At his introductory news conference in late September, a reporter asked about the possibility of the 10-time all-star taking on a reserve role, to which Anthony openly laughed. It goes without saying, but that would be a clear departure for the veteran: Anthony led the Syracuse Orange to a national championship as a freshman, then went on to start all 1,047 games he has played in the NBA. His 25,314 career points rank No. 22 all time; he’s a surefire Hall of Famer.

That said, it would be in Oklahoma City’s best interest to consider bringing Anthony off the pine.

In the 513 minutes the team has played with Westbrook on the floor and Anthony on the bench, according to NBAWowy, Oklahoma City has an offensive rating of 111.1 and a defensive rating of 101.5, which would rank fifth and second, respectively, if maintained over an entire season. The team currently ranks ninth in both metrics.

Westbrook, for obvious reasons, garners a lion’s share of the offensive possessions when he’s on the floor. Anthony has cultivated a career out of needing to have the ball in his hands, which isn’t tenable with Westbrook running the show. And since Anthony isn’t a knockdown perimeter shooter, he mostly idles while Westbrook runs the offense. But when Westbrook sits, Anthony can lead the second unit. With Westbrook on the bench, according to NBAWowy, Anthony’s personal usage rate spikes from 23 percent to 40 percent, and his true-shooting percentage jumps from 50 to 53.

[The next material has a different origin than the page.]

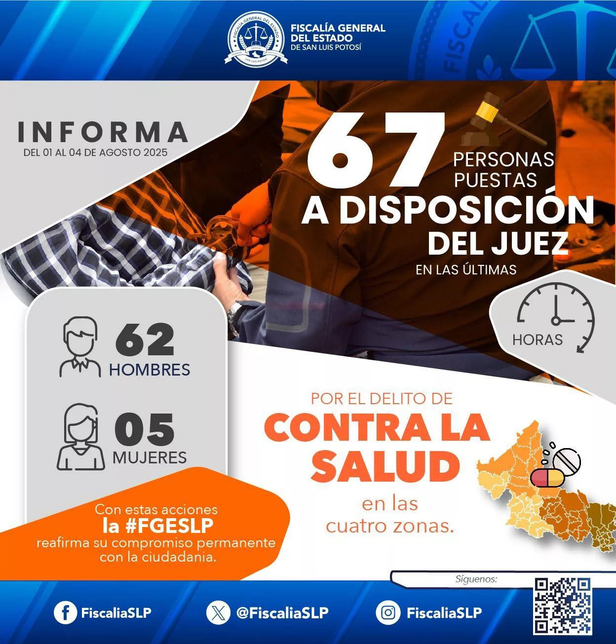 Como parte de las acciones para combatir los delitos contra la salud, la Fiscalía General del Estado de San Luis Potosí (FGESLP) llevó ante diversos jueces a 67 personas por su presunta participación en este ilícito, en sus distintas modalidades.

2017-18 Thunder Minutes Points per 100 possessions True shooting percentage Points allowed per 100 possessions Opponent True shooting percentage
Westbrook and Anthony on court 2,093 115.0 55% 109.9 57%
Westbrook on court, Anthony off court 513 111.1 56% 101.5 55%
Anthony on court, Westbrook off court 161 105.8 53% 95.7 52%

Furthermore, Oklahoma City’s bench unit ranks in the bottom half of the NBA in offensive rating, scoring just 104.2 points per 100 possessions. Of the most effective two-man offensive units involving Anthony, both feature him paired with a reserve player.

Dwyane Wade, another future Hall of Famer, has accepted a reserve role in Miami. It would be wise for the Thunder to do the same with Anthony.